PLAN OF REORGANIZATION AND ACQUISITION
LSI Communications, Inc.
(A NEVADA CORPORATION)
(A UTAH CORPORATION)
This Plan of Reorganization and Acquisition is made and dated this 20th day of November 1998, by and
between the Parties, as identified hereinafter, respectively.
I. THE PARTIES
A. LSI Communications, Inc. ("LSI") is a public Nevada Corporation.
B. Warever, Inc. ("Warever") is a private Utah Corporation.
A. The Capital of the Parties:
1. The Capital of LSI consists of 50,000,000 shares of common voting stock of $001 par value authorized, of
which approximately 1,959,579 shall be issued or outstanding at closing.

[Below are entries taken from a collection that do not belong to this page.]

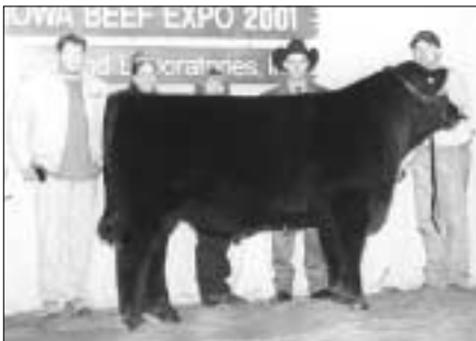
Grand champion bull, Heartland Herdsman 020, by Heartland Angus, Iowa City. He's a Feb. 2000 son of Heartland Herdsman 365 805.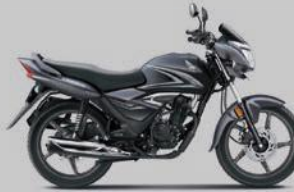
GENY GREY METALLIC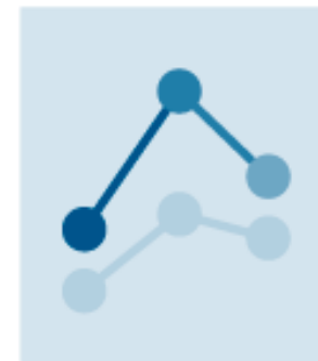
Climate Change Data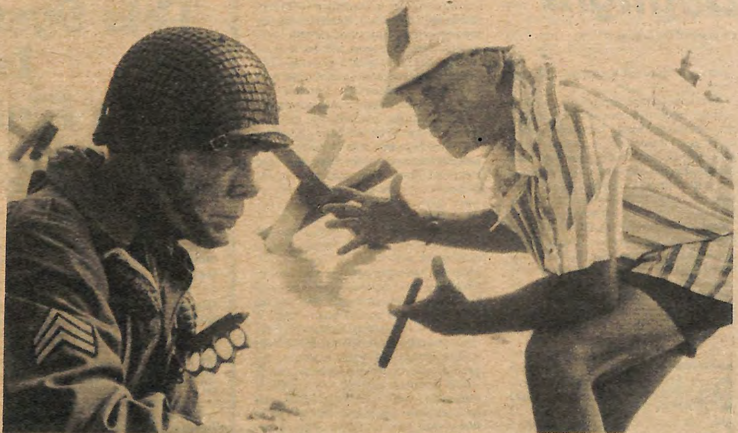
Sam Fuller directs Lee Marvin in the "Big Red 1"—would you buy a used war from this man?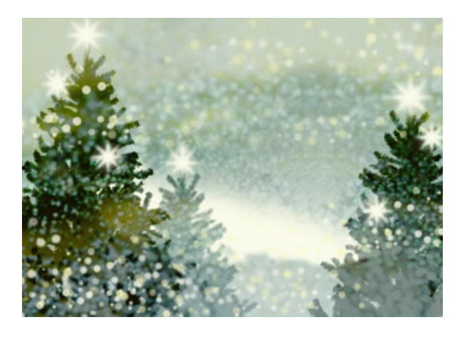
If you don't like how things are, change it! You're not a tree.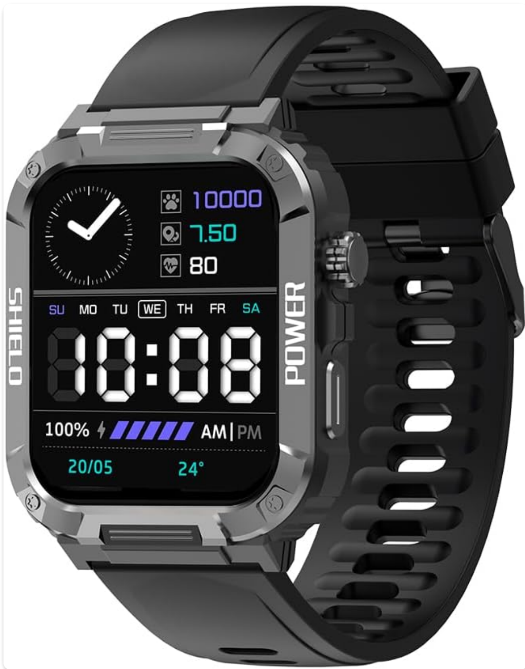
Figure 1: Apexfit Pluse S06 Pro Smart Watch, showcasing its sleek design and digital display.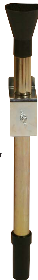
P/N 950054 Probe Container Kit with Wall Mount Bracket

P/N 950050 Kit of probes includes: • P/N 24304 Flexible Probe • P/N 24305 Metal Probe • P/N 24316 Flexible Probe • P/N 24306 Metal Probe • P/N 24307 Flexible Probe • P/N 24308 Flexible Probe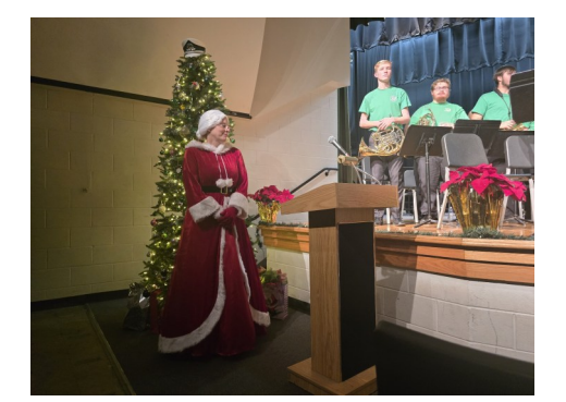
Mrs. Claus even made an appearance at the Choir Concert!

2. The Capital of Warever consists of 1,000,000 shares of common voting stock of no par value authorized, of
which 300,201 shares are issued and outstanding.
B. The Background for the Reorganization:
1. Warever has certain software that generates significant annual revenue. Significant interest has been shown
concerning the use of this software for distribution by numerous companies and other significant parties.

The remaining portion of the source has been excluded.